(Records contained in a dataset)
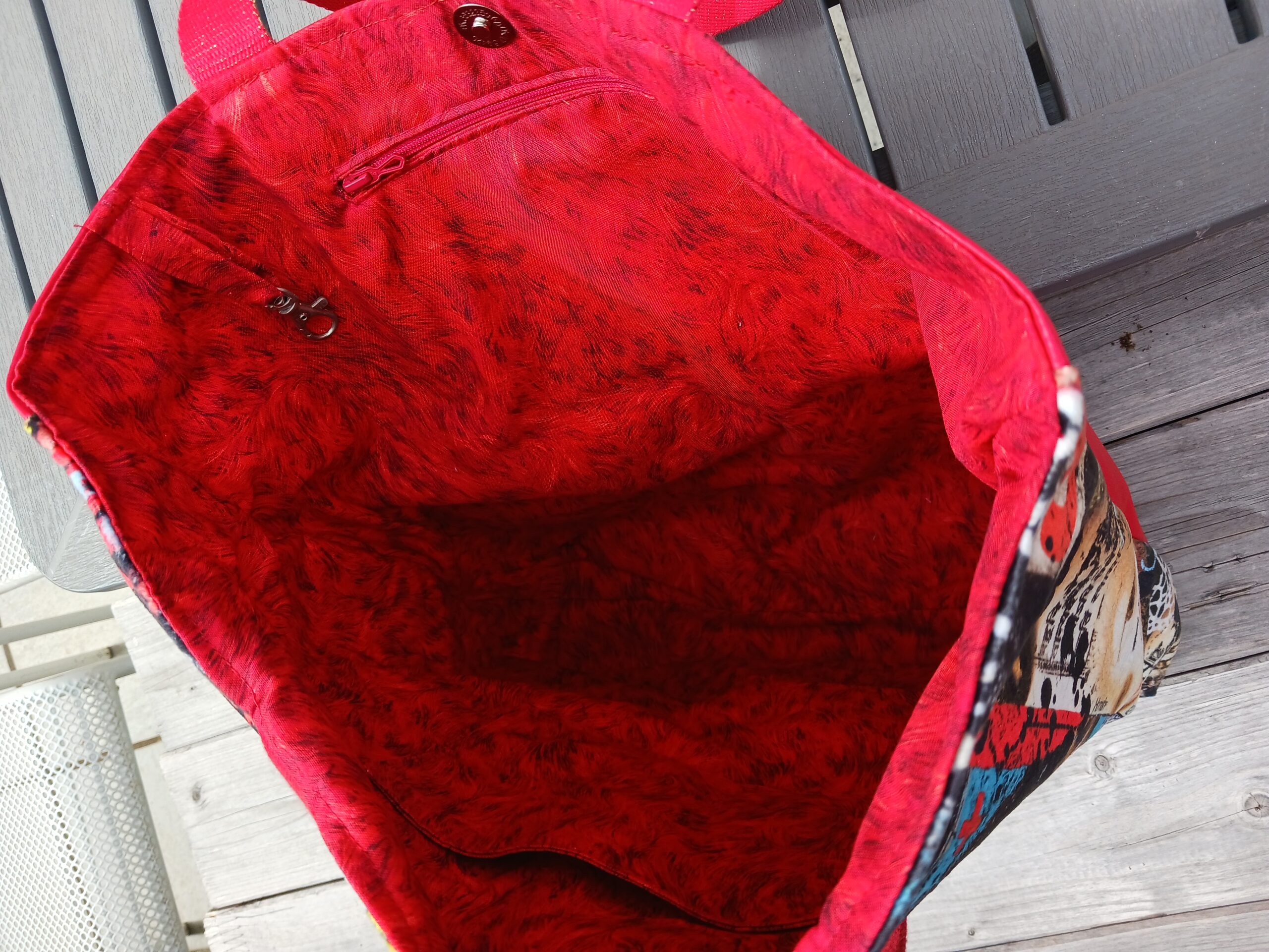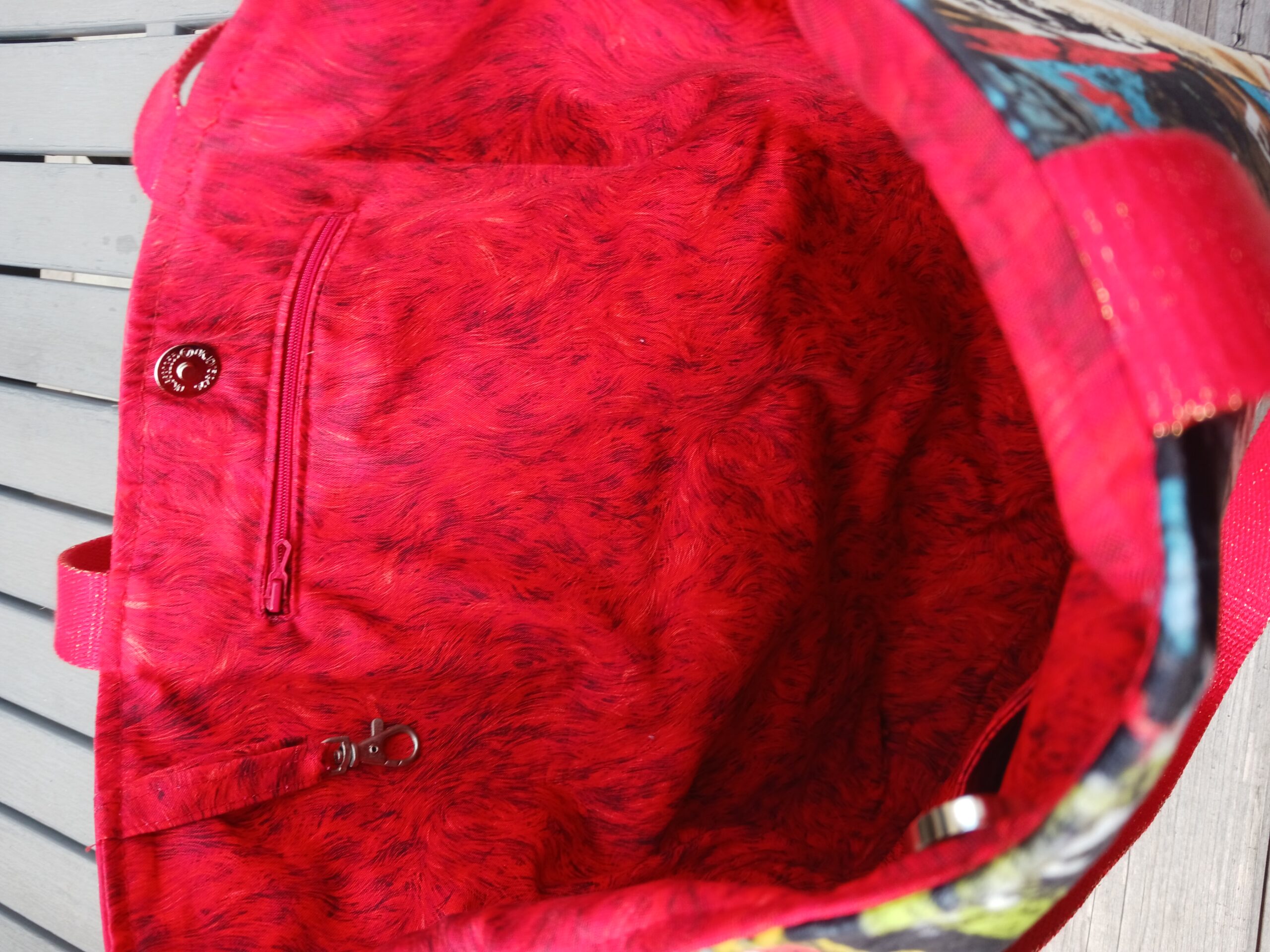 cabas rouge en simili cuir rouge et carré velours imprimé tout doux (femme), intérieur coton, avec poches plaquées, poche zip, et un mousqueton pour accrocher les clefs. Modèle artisanal, fait main, pièce unique
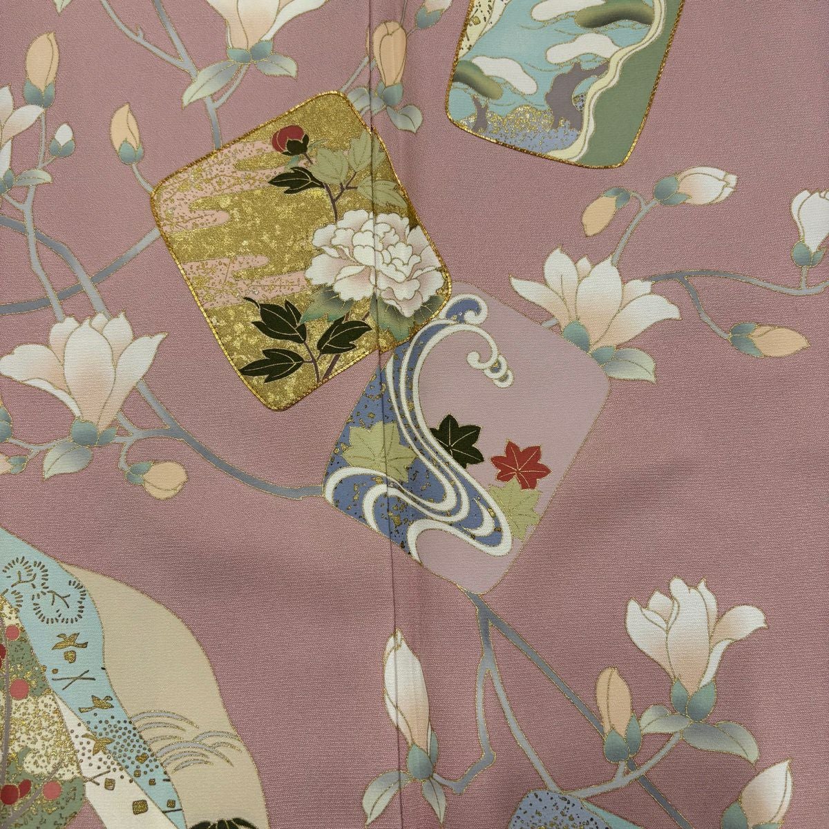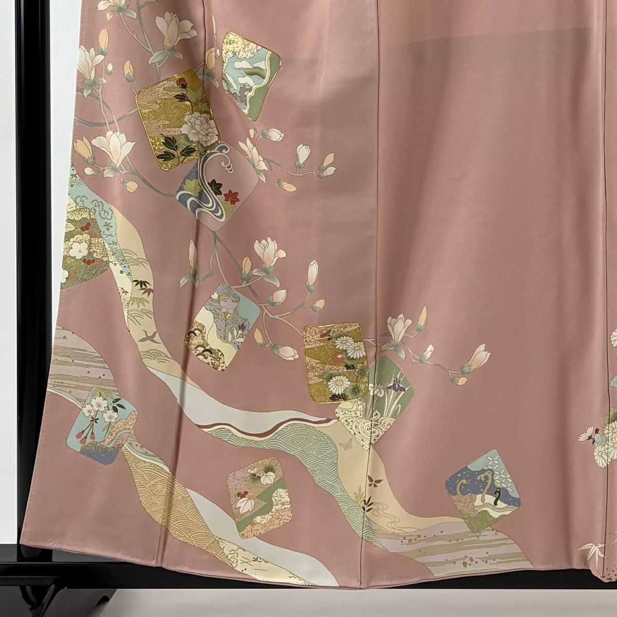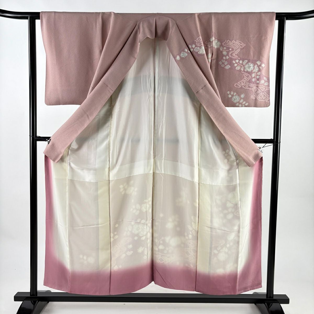 50%OFF 訪問着 身丈154cm 裄丈65.5cm M 袷 枝花 霞 金糸 金彩 ピンク 正絹 秀品 K50
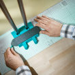 Når bladene har formet sig efter genstanden, låses de med håndtaget. Når bladene er låst, kan du hente profilskabelonen til arbejdsbordet, tegne profilen og skære efter skabelonen.
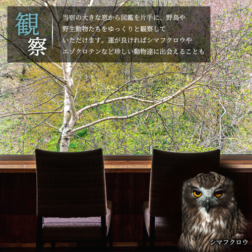 当宿の大きな窓から図鑑を片手に、野鳥や野生動物たちをゆっくりと観察していただけます。
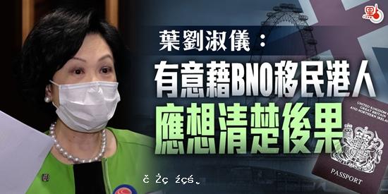 葉劉淑儀:有意藉BNO移民港人應想清楚後果
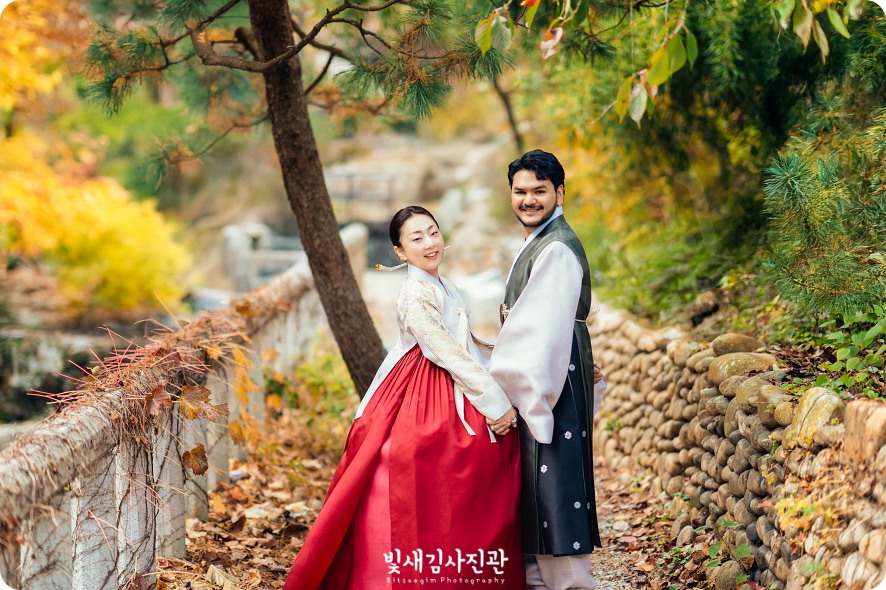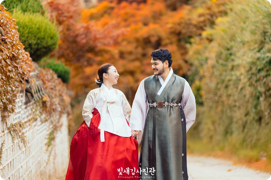 서울 남산골한옥마을 커플한복스냅충무로 남산골한옥마을 국제커플 한복스냅 촬영. 남산한옥마을에서 전통혼례 결혼식이 있던 날, 빛새김사진관에 본식스냅 촬영을 맡겨주셔서 신랑신부님과
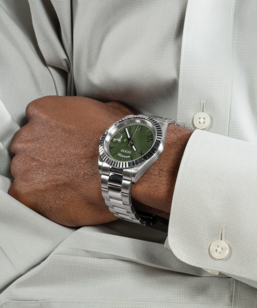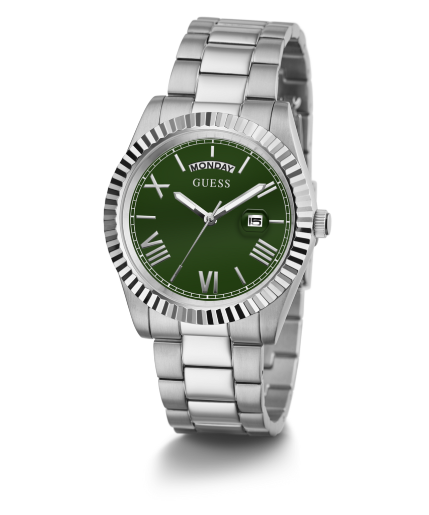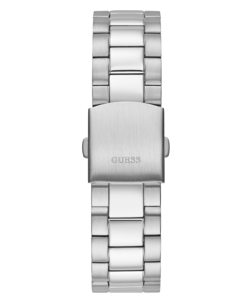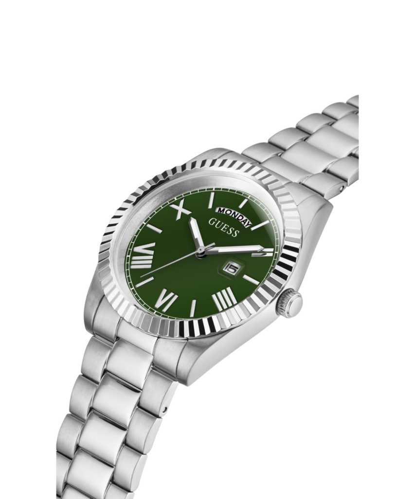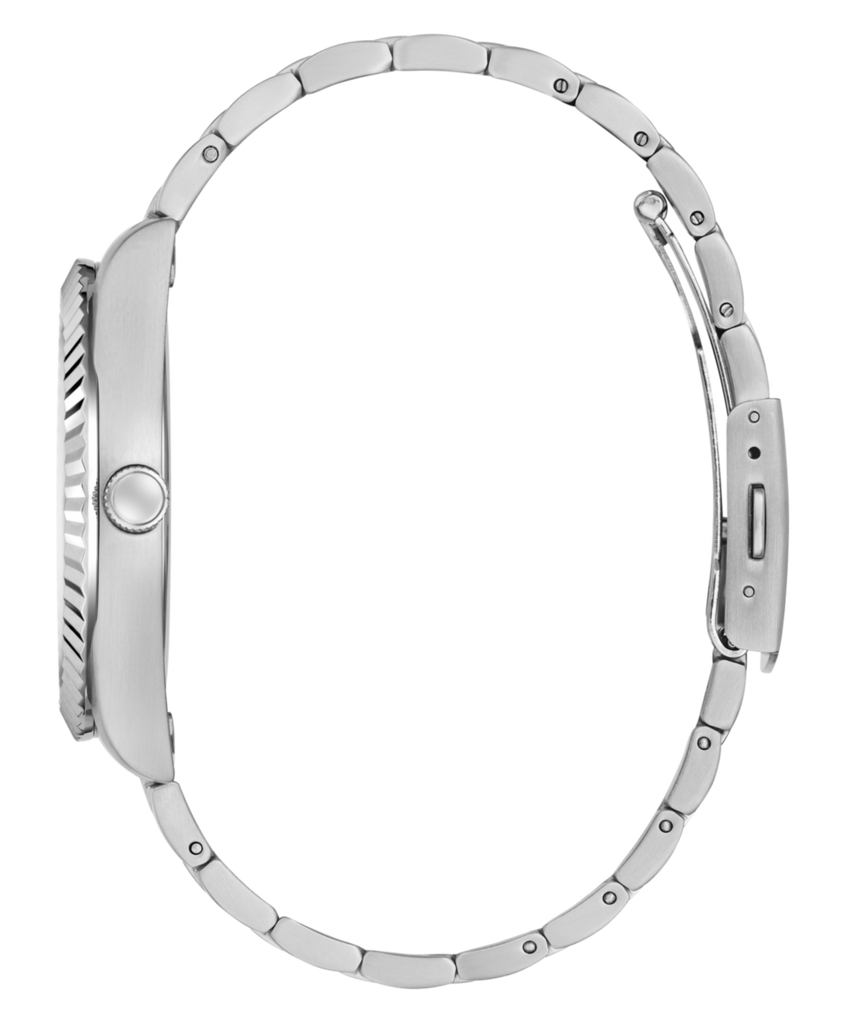 Un look classique GUESS qui ne vieillit jamais. Cette lunette à bord de pièce est intégrée à un bracelet à 3 maillons brossé et poli et présente une fenêtre pour le jour de la semaine à 12 heures avec une date à bulle à 3 heures.
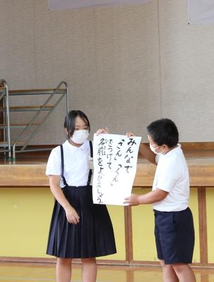 今回の人権集会では、各学級から人権目標の発表がありました。どの学年も楽しい学校生活を送るために、友達を大事にすることや思いを伝え合うこと、相手のことを考えた言葉や名前を大切に呼び合おうということを発表していきました。
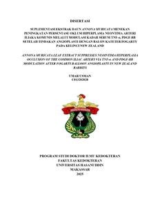 SUPLEMENTASI EKSTRAK DAUN ANNONA MURICATA MENEKAN PENINGKATAN PERSENTASE OKLUSI TUNIKA INTIMA ARTERI ILIAKA KOMUNIS MELALUI MODULASI KADAR SERUM TNF-a, PDGF-BB SETELAH TINDAKAN ANGIOPLASTY DENGAN BALON KATETER FOGARTY PADA KELINCI NEW ZEALAND ABSTRAK Latar Belakang: Angioplasti menggunakan balon kateter Fogarty saat ini digunakan sebagai prosedur embolektomi terutama pada kasus acute limb ischemia (ALI). Namun, komplikasi tindakan ini umumnya berkontribusi terhadap perkembangan hiperplasia intima. Annona muricata diketahui memiliki efek antiinflamasi dan antiproliferatif yang berpotensi mencegah proses tersebut. Tujuan: Mengetahui pengaruh Annona muricata terhadap penurunan persentase oklusi arteri iliaka komunis, kadar TNF-α dan PDGF-BB, serta ketebalan tunika intima pasca angioplasti dengan balon kateter Fogarty. Material dan Metode: Studi eksperimental menggunakan 17 ekor kelinci New Zealand White yang dibagi dalam empat kelompok: kontrol negatif (diberikan tindakan angioplasti dan tanpa intervensi) dan tiga kelompok perlakuan yang menjalani angioplasti serta mendapat Annona muricata dengan dosis 200, 400, dan 600 mg/kgBB secara oral selama 28 hari. Evaluasi dilakukan terhadap persentase oklusi (histopatologi), kadar serum TNF-α dan PDGF-BB (ELISA). Hasil: Kelompok dengan dosis 200 mg/kgBB menunjukkan penekanan peningkatan persentase oklusi arteri yang paling signifikan dibanding kelompok lain. Hal ini disertai dengan penurunan kadar TNF-α, PDGF-BB, dan ketebalan tunika intima secara bermakna (p<0,05). Kesimpulan: Annona muricata dosis 200 mg/kgBB efektif dalam menekan peningkatan persentase oklusi arteri pasca angioplasti melalui mekanisme antiinflamasi dan antiproliferatif. Temuan ini mendukung potensi Annona muricata sebagai terapi adjuvan dalam prosedur endovaskular.
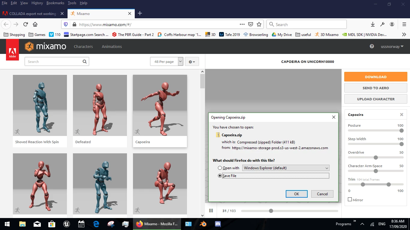 Looking to download as COLLADA as I've noticed FBX has leg rigging issues in the file downloaded.
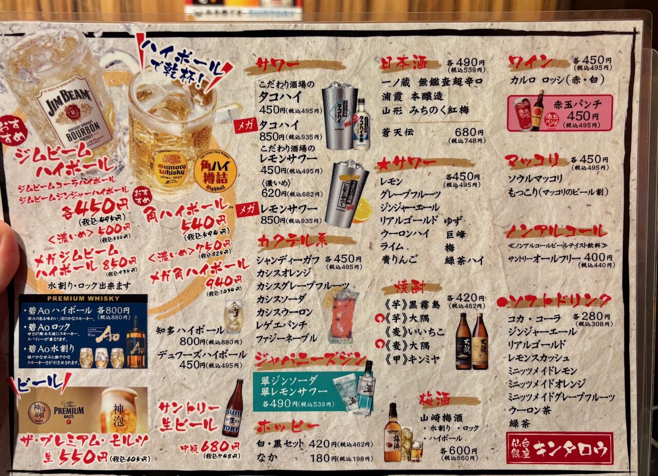 飲み物メニューはこんな感じで、

> **What is required**: What's needed is an exact copy of the lines above from the one with "50%OFF 訪問着 身丈154cm" through the one with "葉劉淑儀:有意藉BNO移民港人應想清楚後果", both included; the pictures stay out.

> **Answer box**:
 50%OFF 訪問着 身丈154cm 裄丈65.5cm M 袷 枝花 霞 金糸 金彩 ピンク 正絹 秀品 K50
 Når bladene har formet sig efter genstanden, låses de med håndtaget. Når bladene er låst, kan du hente profilskabelonen til arbejdsbordet, tegne profilen og skære efter skabelonen.
 当宿の大きな窓から図鑑を片手に、野鳥や野生動物たちをゆっくりと観察していただけます。
 葉劉淑儀:有意藉BNO移民港人應想清楚後果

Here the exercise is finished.